---------- THE RECORDS

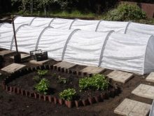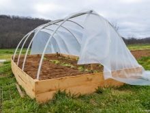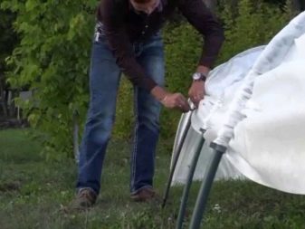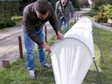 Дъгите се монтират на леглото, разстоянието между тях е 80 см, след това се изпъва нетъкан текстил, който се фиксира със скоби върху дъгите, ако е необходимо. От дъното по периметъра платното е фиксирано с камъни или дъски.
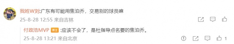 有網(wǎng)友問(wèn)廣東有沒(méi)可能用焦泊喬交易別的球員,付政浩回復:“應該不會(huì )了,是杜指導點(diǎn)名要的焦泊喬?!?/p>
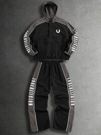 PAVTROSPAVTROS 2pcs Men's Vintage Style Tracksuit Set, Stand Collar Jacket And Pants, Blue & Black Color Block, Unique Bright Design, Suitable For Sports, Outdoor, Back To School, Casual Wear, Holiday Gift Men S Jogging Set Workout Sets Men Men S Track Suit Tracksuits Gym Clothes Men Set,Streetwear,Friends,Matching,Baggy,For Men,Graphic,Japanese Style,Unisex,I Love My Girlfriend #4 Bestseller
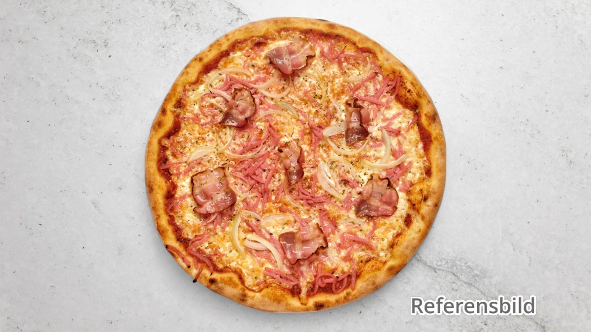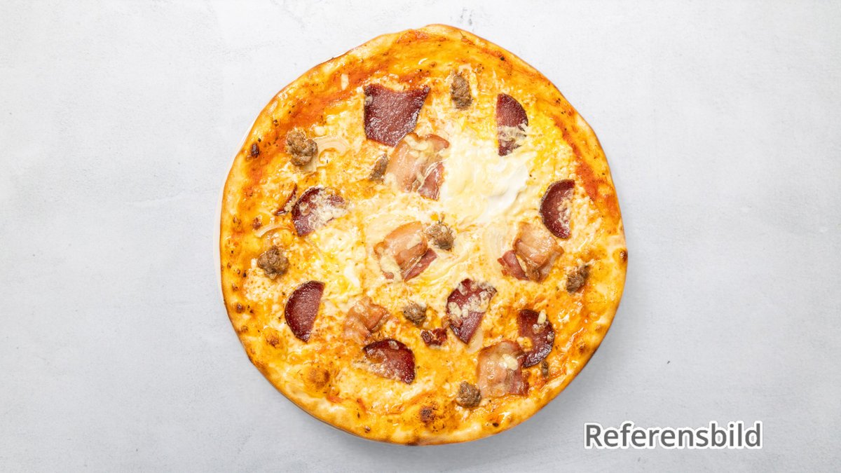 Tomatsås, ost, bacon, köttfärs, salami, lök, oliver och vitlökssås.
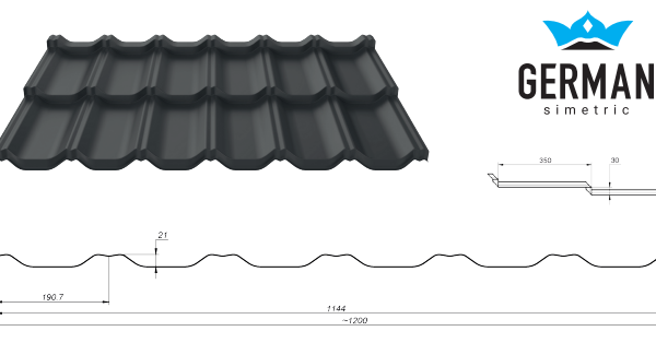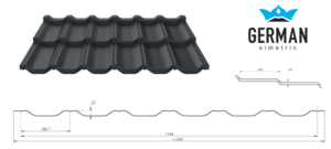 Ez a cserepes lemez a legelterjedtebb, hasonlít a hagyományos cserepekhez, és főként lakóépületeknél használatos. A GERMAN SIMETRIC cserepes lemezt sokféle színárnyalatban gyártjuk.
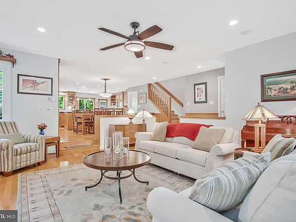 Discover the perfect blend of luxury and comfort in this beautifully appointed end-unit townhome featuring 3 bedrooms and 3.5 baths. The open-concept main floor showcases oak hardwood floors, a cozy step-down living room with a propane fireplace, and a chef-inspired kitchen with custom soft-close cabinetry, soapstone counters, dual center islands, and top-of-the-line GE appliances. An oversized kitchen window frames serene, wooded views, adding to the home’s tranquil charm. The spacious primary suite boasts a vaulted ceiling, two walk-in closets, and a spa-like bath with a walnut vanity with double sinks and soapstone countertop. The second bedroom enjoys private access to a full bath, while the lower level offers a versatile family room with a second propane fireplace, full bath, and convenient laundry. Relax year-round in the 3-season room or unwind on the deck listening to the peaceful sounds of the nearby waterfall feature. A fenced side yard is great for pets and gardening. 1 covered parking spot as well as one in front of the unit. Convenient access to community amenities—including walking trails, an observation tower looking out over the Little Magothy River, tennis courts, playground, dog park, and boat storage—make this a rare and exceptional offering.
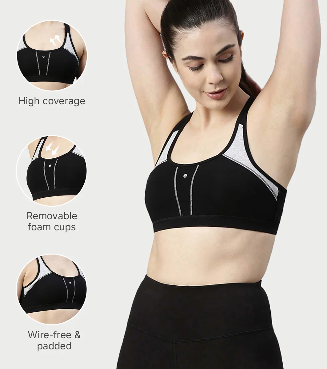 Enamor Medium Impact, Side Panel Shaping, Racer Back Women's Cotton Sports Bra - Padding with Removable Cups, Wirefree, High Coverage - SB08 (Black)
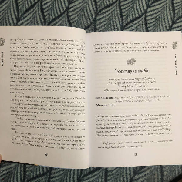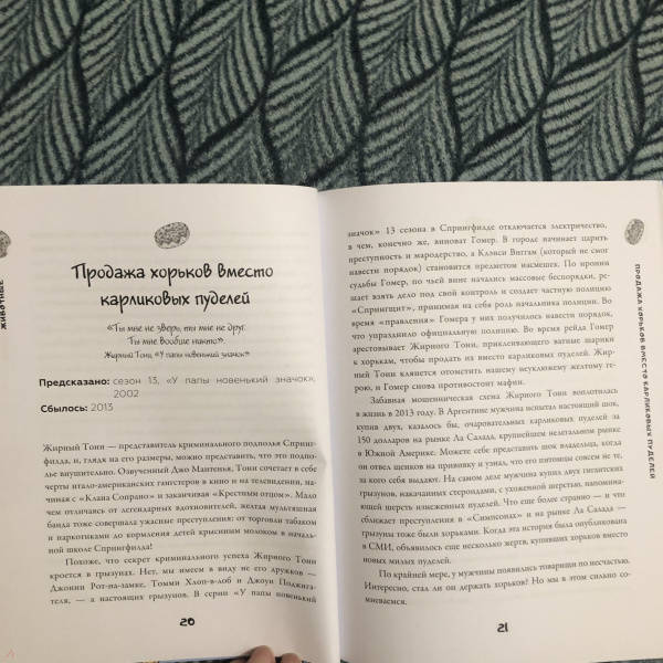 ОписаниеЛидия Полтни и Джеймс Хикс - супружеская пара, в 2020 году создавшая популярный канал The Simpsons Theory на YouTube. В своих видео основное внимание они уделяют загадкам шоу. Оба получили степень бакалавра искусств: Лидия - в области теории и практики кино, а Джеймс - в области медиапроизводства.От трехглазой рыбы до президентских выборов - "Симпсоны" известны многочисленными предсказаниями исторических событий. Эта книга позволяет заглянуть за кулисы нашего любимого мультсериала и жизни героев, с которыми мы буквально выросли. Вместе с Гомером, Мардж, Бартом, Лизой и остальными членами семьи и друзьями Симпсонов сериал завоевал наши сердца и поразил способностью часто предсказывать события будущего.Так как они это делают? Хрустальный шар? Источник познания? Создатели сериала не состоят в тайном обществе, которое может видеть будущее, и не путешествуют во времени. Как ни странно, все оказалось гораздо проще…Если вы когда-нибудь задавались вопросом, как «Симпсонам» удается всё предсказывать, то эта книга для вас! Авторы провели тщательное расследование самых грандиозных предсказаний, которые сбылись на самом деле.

--------------------
---------- THE RECORDS

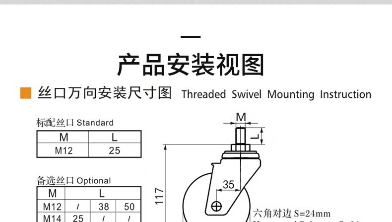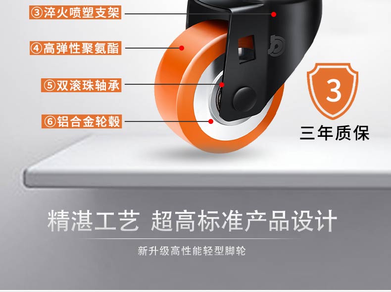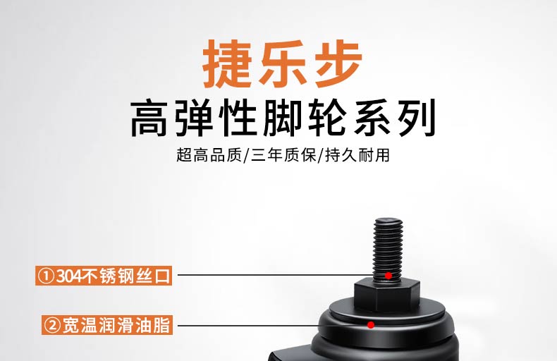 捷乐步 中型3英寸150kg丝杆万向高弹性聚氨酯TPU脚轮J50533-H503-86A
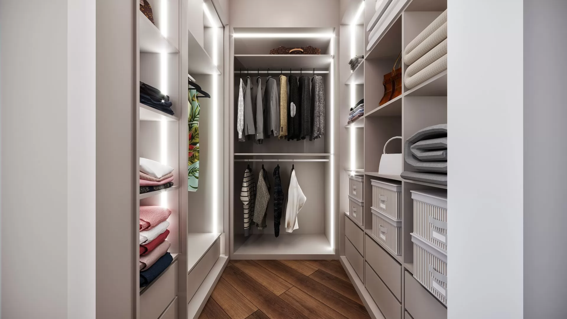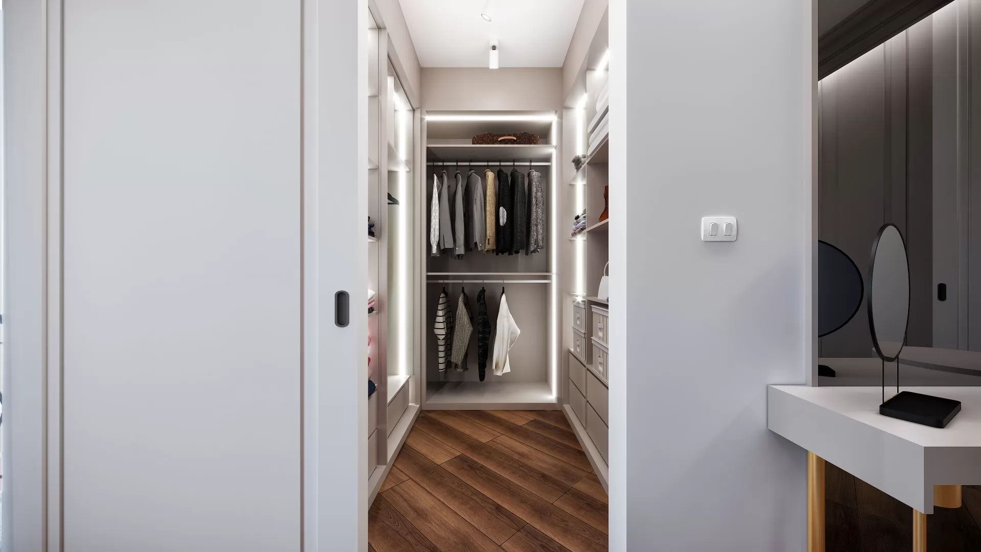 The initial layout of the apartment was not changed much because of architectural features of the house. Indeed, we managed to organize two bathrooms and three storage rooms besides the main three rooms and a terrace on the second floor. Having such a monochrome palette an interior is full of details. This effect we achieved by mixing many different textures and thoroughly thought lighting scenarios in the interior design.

--------------------

TRY IT:
Of all the material above, only the lines from the one that has "捷乐步 中型3英寸150kg" down to the one that has "The initial layout" are to be written out, exactly and with both ends included. Pictures are skipped.

TASK RESULT:
 捷乐步 中型3英寸150kg丝杆万向高弹性聚氨酯TPU脚轮J50533-H503-86A
 The initial layout of the apartment was not changed much because of architectural features of the house. Indeed, we managed to organize two bathrooms and three storage rooms besides the main three rooms and a terrace on the second floor. Having such a monochrome palette an interior is full of details. This effect we achieved by mixing many different textures and thoroughly thought lighting scenarios in the interior design.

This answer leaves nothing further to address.